From the obtained analysis results, the recovery rate from the distillation composition in the distillate and the bottoms was determined for each component in the distillation composition in Examples 1 to 7 by the following formula.
Recovery rate (%) = component amount in distillate or bottoms / component amount in distillation composition × 100
Moreover, the ratio (mol%) of HFO-1234yf with respect to the total amount of HFO-1234yf and HFO-1243zf in the composition for distillation, a distillate, and a bottoms was calculated | required.
The ratio (mol%) of the total amount of HFO-1234yf and R40 with respect to the total amount in the composition for distillation, distillate and bottoms was determined.
HFO-1234yf / R40 (molar ratio) in the composition for distillation, distillate and bottoms was determined. The results in each example are shown in the lower column of Tables 3 to 9.

  The distillates obtained in Examples 1 to 6 contain an azeotrope-like composition of HFO-1234yf and R40, the total content of which is 95.96 to 99.77 mol%, and HFO-1243zf Is a well-removed mixture. From such a distillate, R40 is mainly removed by at least one separation method selected from swing distillation, extractive distillation, azeotropic distillation, phase separation and membrane separation to obtain purified HFO-1234yf.

[Examples 8 and 9]
In Example 8, the distillation composition shown in Table 10 containing HFO-1234yf, HFC-152a, and R40 is prepared as the distillation composition. In Example 9, the distillation composition shown in Table 11 containing only HFO-1234yf and HFC-152a is prepared as the distillation composition. In Examples 8 and 9, these distillation compositions were fed from the top of a distillation column having 50 theoretical plates to the distillation column at a flow rate of 1.0 mol / hr from the 40th column. Are continuously distilled at an operating pressure [MPaG], a column top temperature [° C.], and a column bottom temperature [° C.].

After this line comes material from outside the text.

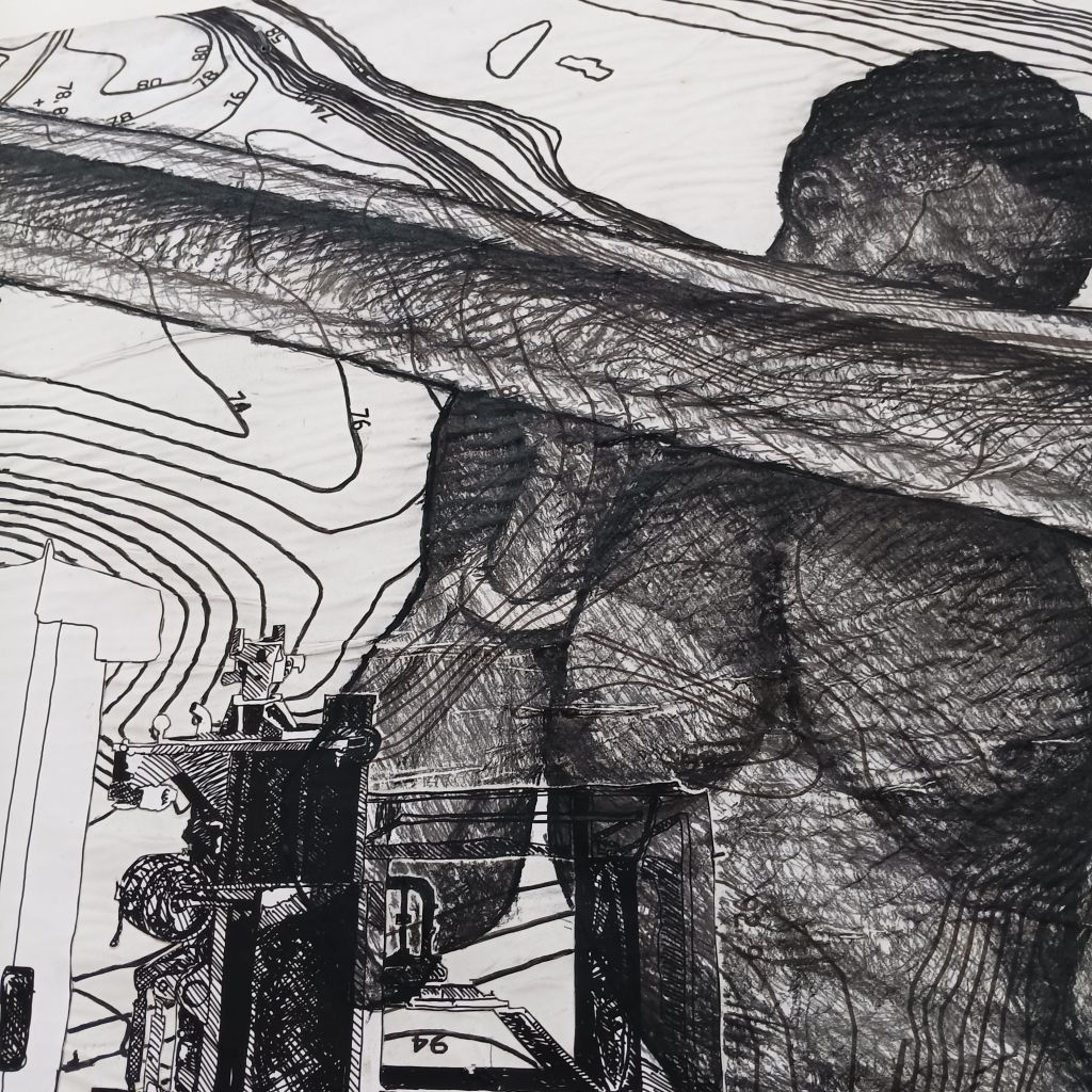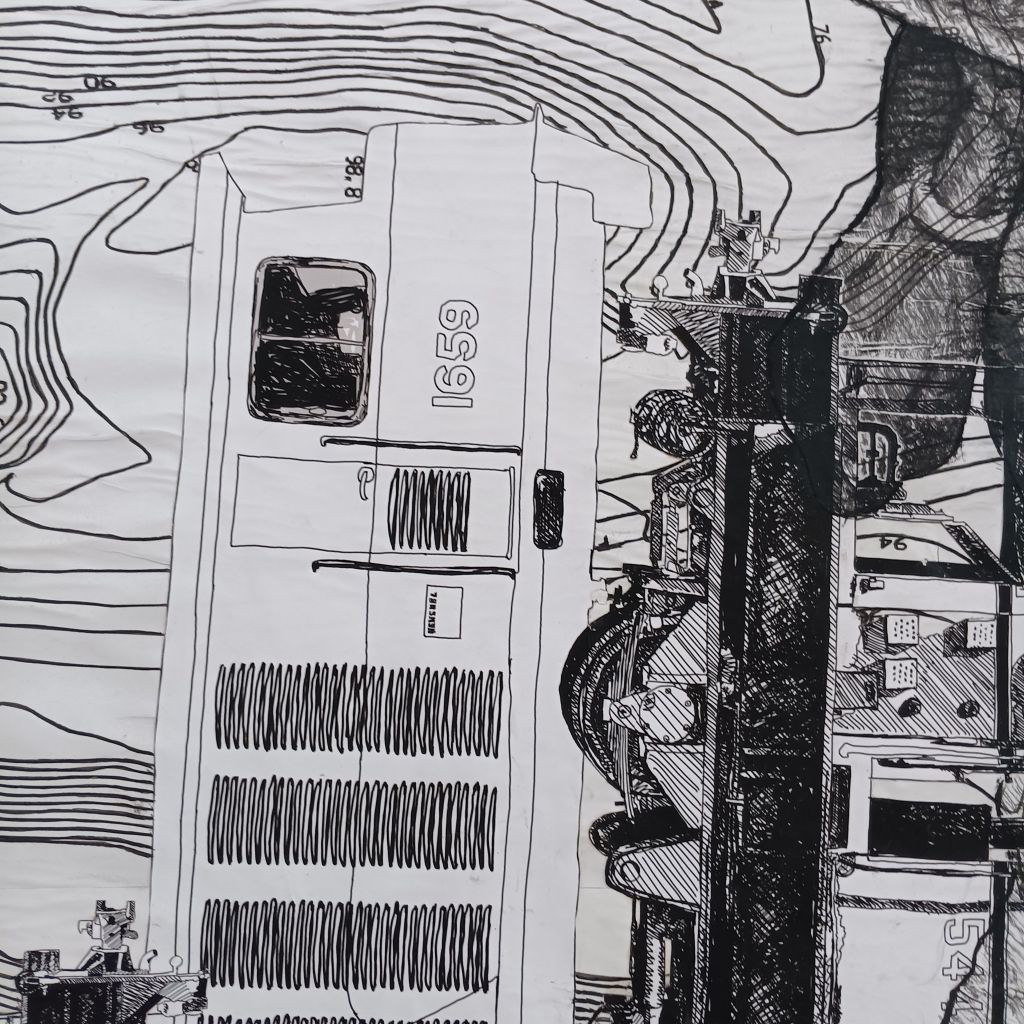 The markings are those of cartography showing contour lines next to created volumes of an artist’s figural representation of a body in its volumes, densities and inward and outward curves; curves that are created to deceive the eye. Likewise, iconic two dimensional.pictures of train stock created another level .of the representation of the ‘real’.

  In Examples 8 and 9, the distillate is withdrawn from the top of the column and the bottoms are withdrawn from the bottom of the column at the speeds shown in Tables 10 and 11 (total amount [mol / H] of the recovered amount). The composition of each of the extracted distillate and bottoms is analyzed by gas chromatography. The analysis results of the composition of the distillate and the bottoms in Examples 8 and 9 are shown in Tables 10 and 11 below.

From the obtained analysis results, the recoveries from the distillation composition in the distillate and the bottoms were determined in the same manner as in Example 1 above for each component in the distillation composition in Examples 8 and 9.
Moreover, the ratio (mol%) of HFO-1234yf with respect to the total amount of HFO-1234yf and HFC-152a in the composition for distillation, distillate and bottoms was determined.
The ratio (mol%) of the total amount of HFO-1234yf and R40 with respect to the total amount in the composition for distillation, distillate and bottoms was determined.
HFO-1234yf / R40 (molar ratio) in the composition for distillation, distillate and bottoms was determined. The results in each example are shown in the lower columns of Tables 10 and 11.

  The distillate obtained in Example 8 contains an azeotrope-like composition of HFO-1234yf and R40, the content of which is 99.40 mol%, and is a mixture from which HFC-152a is well removed. . From such a distillate, R40 is mainly removed by at least one separation method selected from swing distillation, extractive distillation, azeotropic distillation, phase separation and membrane separation to obtain purified HFO-1234yf.

[Example 10]
The composition for distillation shown in Table 12 containing HFO-1234yf, various fluorine-containing compounds (A) shown in Table 12 and R40 is prepared as the composition for distillation. This distillation composition was supplied to the distillation column at a flow rate of 1.0 mol / hr from the 40th stage from the top of the distillation tower having a theoretical plate number of 50, and the operating pressure [MPaG] shown in Table 12 was Continuous distillation is performed at the top temperature [° C.] and the bottom temperature [° C.].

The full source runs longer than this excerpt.